Insécurité

Transports en commun : la crainte d’une explosion des violences à l’approche des JO

5 min

ANALYSE - Les vols, violences et agressions sexuelles dans les transports en commun sont en augmentation constante en France depuis plusieurs années. Sans surprise, la région parisienne concentre l’essentiel des délits constatés. Décryptage des nouveaux enjeux de sécurité avec Denis Jacob, secrétaire général du syndicat Alternative police.

Policiers dans le métro parisien
Policiers dans le métro parisienLOUAI-BARAKAT/SIPA

FACTUEL. Dans un rapport publié en septembre dernier, le service statistique de l’Intérieur (SSMSI) a enregistré 124.570 victimes de vols et de violences pour 2022 dans les différents transports publics du pays. Cela représente une hausse de 2% par rapport à l’année 2021 et une augmentation tendancielle depuis plusieurs années. Comment expliquer un tel niveau de violence ?

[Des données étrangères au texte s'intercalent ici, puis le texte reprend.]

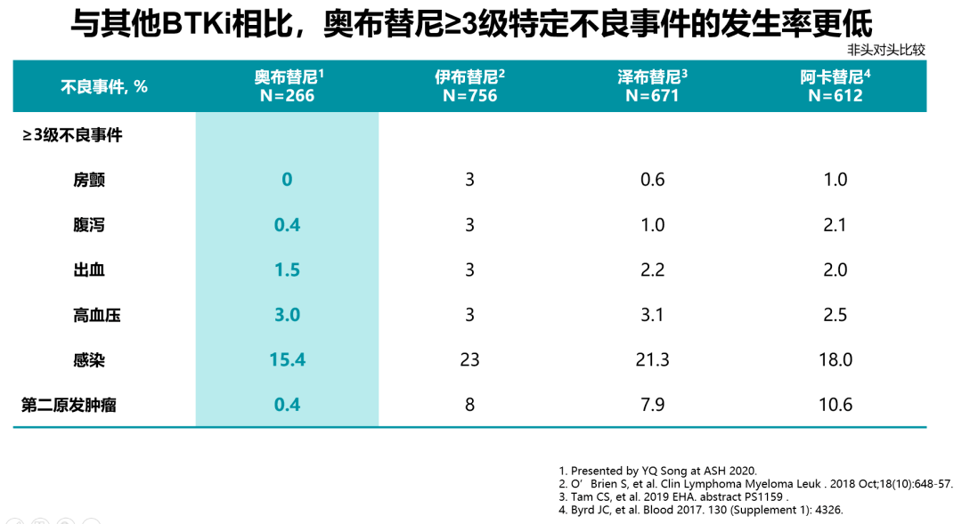 图1.各类BTK抑制剂的不良事件发生率[16]

Denis JACOB. On peut l’expliquer par différents facteurs. En ce qui concerne les violences sexuelles (en hausse de 13% sur la France entière et de 19% en Île-de-France, NDLR), le contexte de libération de la parole explique en partie cette augmentation. Cela ne veut pas forcément dire qu’il y avait moins de violences sexuelles avant, cela veut dire que les femmes victimes de telles infractions se sentent davantage soutenues et moins pointées du doigt. On a désormais une nouvelle approche de la prise en charge des victimes. Leur parole est davantage prise en considération.

On ne traite pas une victime d’agression sexuelle comme on traite une victime de vol de sac à main. 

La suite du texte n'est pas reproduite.